Mick Wallace firm sold 5 apartments at centre of €2.1m Revenue deal to family members

NOT ALONE: Mick Wallace
with socialist TD Clare Daly
NOT ALONE: Mick Wallace with socialist TD Clare Daly
KEEPING IT IN THE FAMILY: The Behan Square complex
his former partner Patricia Barry
and his estranged wife Mary Murphy

RONALD QUINLAN

FIVE apartments in the complex now at the centre of tax cheat TD Mick Wallace's controversial €2.1m settlement with the Revenue Commissioners were sold to members of his own family.

An investigation by the Sunday Independent can reveal that the Wexford deputy's firm, M&J Wallace, completed the sales of the five units at the Behan Square development, just off Dublin's North Circular Road, between September 2008 and August 2009, a period in which Mr Wallace has admitted to having made a conscious decision to under-declare his VAT liability to the Revenue Commissioners.

An examination of records filed at the Registry of Deeds shows how the first of the Behan Square sales was to his son, Sasha, on September 25, 2008. As a co-director with his father in M&J Wallace, Sasha made the headlines last week after it emerged that the two had drawn down pay of €289,000 between them in 2008, even as the company's finances were in freefall, declaring losses of €2.7m.

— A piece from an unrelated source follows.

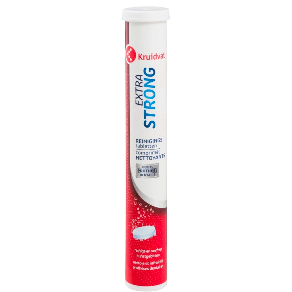 Reinig en verfris je kunstgebit en gebitprothese intensief binnen 3 minuten met de Kruidvat Extra Strong Reinigingstabletten. De unieke anti-tandsteen formule met actieve zuurstof reinigt je gebit zeer grondig.

Further inspection of the records shows that M&J Wallace completed sales of apartments in Behan Square to Mr Wallace's former wife Mary Murphy Wallace on October 9, 2008; their son, Fionn, on October 20, 2008; his niece Gwenda on November 4, 2008; and his sister, Chrissie Harpur on August 20, 2009.

While there is no absolutely no suggestion of any impropriety in the sale of the Behan Square apartments by M&J Wallace to members of Mr Wallace's own family, news of the transactions will invariably raise yet more questions for the beleaguered deputy.

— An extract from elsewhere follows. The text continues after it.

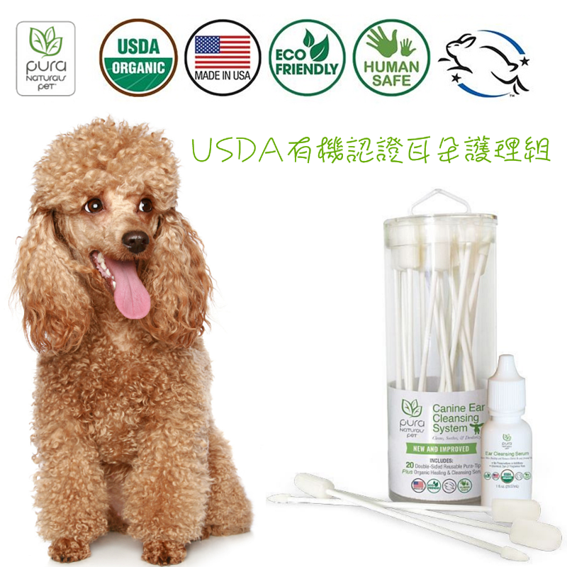 【USDA有機認證】寵物專用耳朵護理組 (有機長效型潔耳精華液 1oz, 15支可重複使用Pura-Tips™ 雙頭清耳棒 ) 美國自然獸醫認證

In 2009, the flamboyant developer turned politician transferred the ownership of Casa Wallace -- a vineyard complete with a five-bedroom, three-storey house he owned in Langhe Hills, the famous wine-making region of Piedmont in Italy -- to his brother, Joseph, by way of settlement of a €550,000 debt he owed him for building supplies.

The listing of the €2.1m settlement reached by M&J Wallace with the Revenue Commissioners on its latest list of tax defaulters, published last Tuesday, had already served to keep the Wexford TD's travails to the fore.

Last Thursday, Mr Wallace attempted to draw a line under the raging controversy in relation to his company's tax affairs, delivering a 15-minute speech to the Dail in which he apologised profusely for "a mistake made by the company M&J Wallace before I had been elected".

Explaining his decision to under-declare the VAT liabilities of his company in 2009 in the same speech, Mr Wallace said the monies which should have gone to the Revenue Commissioners had been used for the completion of a large project on the North Circular Road after his banks "pulled the plug". He stressed that it had been his intention to repay the money within six to 12 months once his company had worked its way through the crisis then facing it.

Repeated efforts by this newspaper to contact the Wexford TD and his son and co-director, Sasha, to discuss the sale of apartments in Behan Square to members of the Wallace family proved unsuccessful.

Contacted by phone yesterday, Mr Wallace's former wife, Mary Murphy Wallace, said she had no comment to make when asked to explain her decision to purchase an apartment there.

"No comment. I already had somebody (from the press) around here during the week and I asked them to leave," she said before ending the call.

In a series of questions sent to his Oireachtas and business email addresses, we asked Mr Wallace, amongst other things, whether the VAT element of the monies he had received from his family for the Behan Square units had been passed to the Revenue Commissioners or used to pay down the €19m debt he owes to his single biggest bank creditor, the ACC.

We also asked whether the members of his family had received any discount on the prices of the apartments. Were this to have occurred, the issue of CAT (Capital Acquisitions Tax), more commonly known as 'gift tax', could potentially have arisen.

Last Friday afternoon, Mr Wallace's mobile phone appeared to have been diverted. Responding to a call from the Sunday Independent, an unidentified woman said that the independent TD had gone for his lunch. The same woman said she did not know if he would be returning to his Dail office that day and could not say whether she would be in contact with him.